The Adelaide Strikers (WBBL) are an Australian women's Twenty20 cricket team based in North Adelaide, South Australia. They compete in the Women's Big Bash League, and won their first championship in WBBL08.

History

Formation 
One of eight founding WBBL teams, the Adelaide Strikers are aligned with the men's team of the same name. At the official WBBL launch on 10 July 2015, Megan Schutt was unveiled as the team's first-ever player signing. Andrea McCauley was appointed as the Strikers' inaugural coach, while Lauren Ebsary became the team's inaugural captain.

The Strikers played their first match on 12 December at Aurora Stadium against the Hobart Hurricanes, losing by two runs.

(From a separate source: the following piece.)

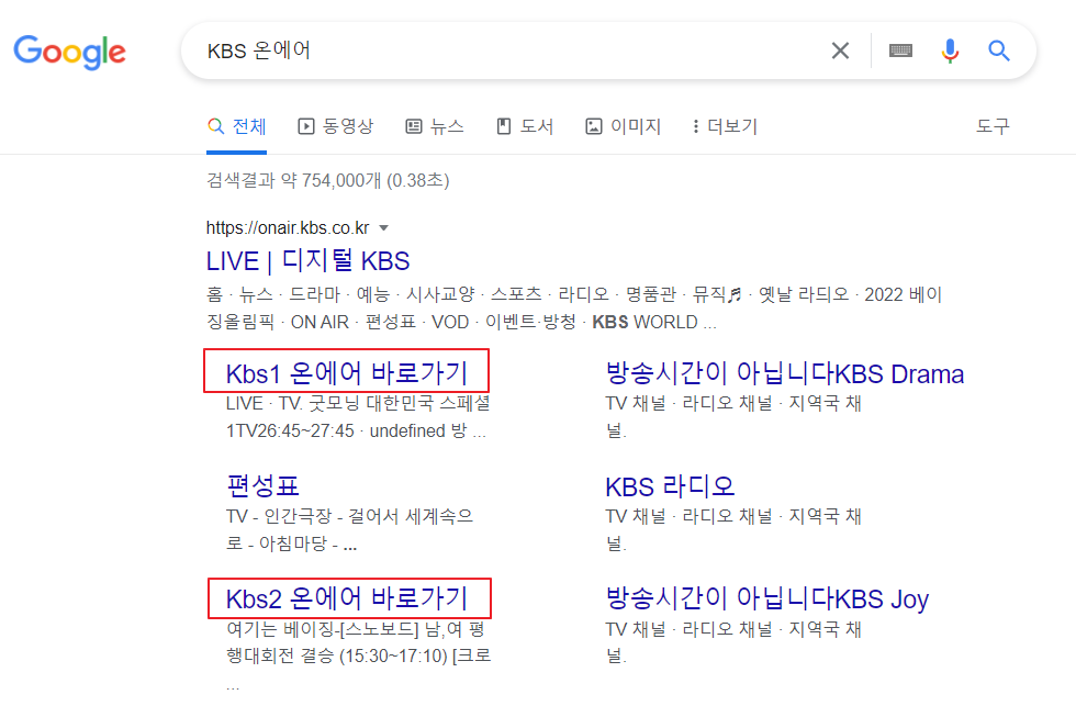 KBS1 온에어와 KBS2 온에어 바로가기가 나누어져 있으니, 원하시는 방송을 클릭하시면 바로 연결이 됩니다.

Their first win came on 20 December at Allan Border Field against the Sydney Thunder, chasing down a target of 149 runs with six wickets in hand and six balls to spare.

Rivalries

Perth Scorchers 
In the league's early years, the Strikers and the Perth Scorchers experienced several instances of senior members switching allegiances:
 Inaugural Strikers captain Lauren Ebsary joined the Scorchers after just one season.
 Former Scorchers captain Suzie Bates moved to the Strikers ahead of WBBL|03 and became the first player to lead two WBBL clubs.
 After scoring the most runs for Perth throughout WBBL|01, Charlotte Edwards transferred to Adelaide in her final year of cricket. The following season, Edwards assumed an assistant coaching role for the Strikers.
 Ahead of WBBL|06, former Adelaide all-rounder Shelley Nitschke was appointed to the position of head coach for the Scorchers.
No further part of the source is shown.